The human wave shattered the police cohesion. It became a desperate fight - everyone for themselves. The riot cops went down under the surge of bodies. For a second, the area around me cleared up. I saw Passey's partner. She looked to be in a bad way, but I didn't know her. I knew Passey. I was still ordering my jumbled thoughts when the bomb went off.

It had been suspended over the arena floor, disguised as sound equipment. The blast wave was focused down into the audience. The concussion knocked people down, but that was the only direct effect. The designers of the bomb weren't looking to create casualties on the floor, oh no. They were looking to spread chaos, confusion and fear.

They did that admirably. That thin blue line holding those 20,000 men at bay? They were still trying to figure out what the explosion was when the men surged forward once more. They yelled at the men to stop. Their hands went to their tasers. Most likely, the men facing the cops tried to stop, but with hundreds of men behind them urgently trying to get away from the explosion, it was a hopeless gesture.

Police escalation was simple: command, taser, physical takedown, and pistol. Most of the policewomen never got to the takedown phase. A few went straight for the pistol phase. Shots began ringing out. Police communications were overwhelmed with calls for orders, or help. At the main exit's long series of doors it got even worse.

A police lieutenant was trying to bring order out of the chaos. She could make out what was being said by a subordinate in another part of the arena.

"Shots fired? I repeat, shots fired?" she requested over her link. That's not what a man a few meters away heard.

"Oh my God! They are going to shoot us just like China!" he screamed. He wasn't rational, but a bomb had gone off, another one might go off and the cops weren't letting him leave. The rational thought should have been 'I'm too valuable to be slaughtered,' but he was gripped by fear. "They are going to kill us all!" he continued.

The closest police officer tased him. That was normal procedure; the man was starting a panic. Unfortunately, there was already a panic, the man was claiming the cops were trying to kill him, and the cops had just prove him right. He wasn't dead, or even unconscious, but the men didn't know that. They attacked.

Men tend to be taller, heavier and have superior reach. The policewomen had training, weapons, body armor and morale - they were policewomen facing men after all. The deciding factor was weight of numbers, quite literally. The men rolled forward like a wave. The front men were tasered, but couldn't fall down in the press of bodies.

There was no way the women could hold back five, six, or even seven men pushing against each one of them.
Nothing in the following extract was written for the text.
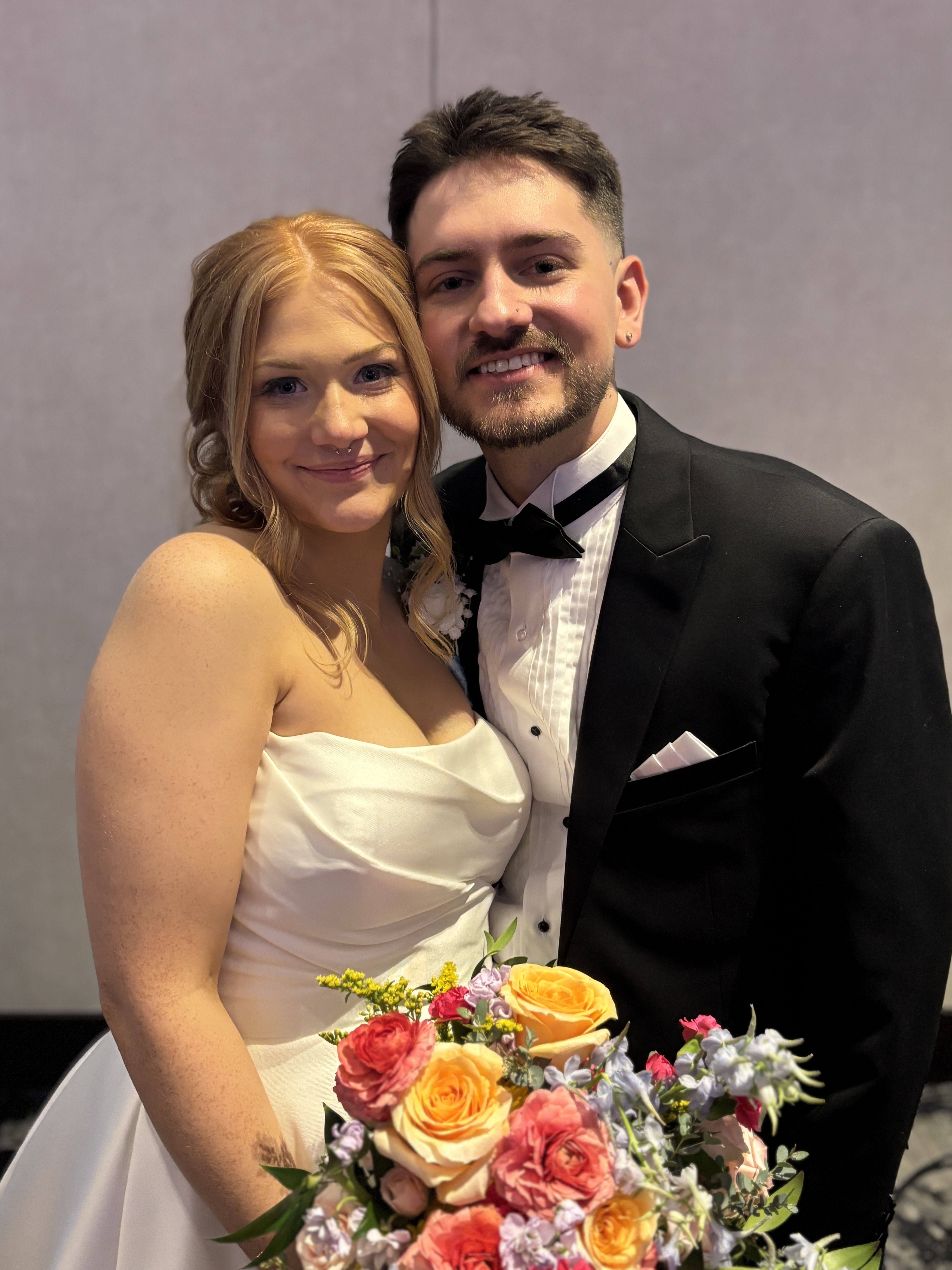 Finally, we’re really back in wedding season! March 28th seemed like the official opening, and I was lucky to experience it with Emma and Nicholas at Buffalo Marriott at LECOM Harborcenter. I was less lucky that there was a Sabres game at that moment and parking was impossible, but it’s worth it for the Sabres to be having the season they are. And it’s worth circling for Emma and Nick. Both are so cute and well matched, I was looking forward to seeing them in person. And they didn’t disappoint. Especially seeing Emma’s baby belly that I didn’t even know about! It made everything more exciting. Not like their little daughter Alice was going to let any moment be less than exciting😂 The couple was so ready to start the show. Maybe a little bit of nerves coming from Nicholas, but Emma looked beautiful and ready to go! I made my way to the alter, trying to look my best for my favorite photographers, SMW Photography, and watched Nicholas be greeting by all his groomsmen, handing out hand slaps and hugs. Then Emma made her way to him. They just beamed at each other and had this moment that belonged to just the two of them. But, with little Alice that moment didn’t last long, and soon they were holding her with them at the alter. A perfect little family. After their vows and rings it was time to kiss as husband and wife!

Realizing the women at the first exits were being pummeled to death, the supporting police went straight for their guns. Had the men had some sort of organization, the hail of bullets might have stopped them. The men were a stampede.

Men fell and were trampled into mush. The women? They were savagely beaten to death for the most part. Some were literally torn to pieces. The men slammed into the glass doors and walls. The material was tough. It bent and bowed before finally popping out of its fixtures. The men cascaded into the city's last line of defense.

It was a police auxiliary riot unit. These women had 'day jobs' but served in uniform on special occasions, like this. What was coming at them wasn't something they were mentally prepared for. Still, they were in full riot gear, with each flank secured by a water cannon. The unit's sergeant had a horrid dilemma.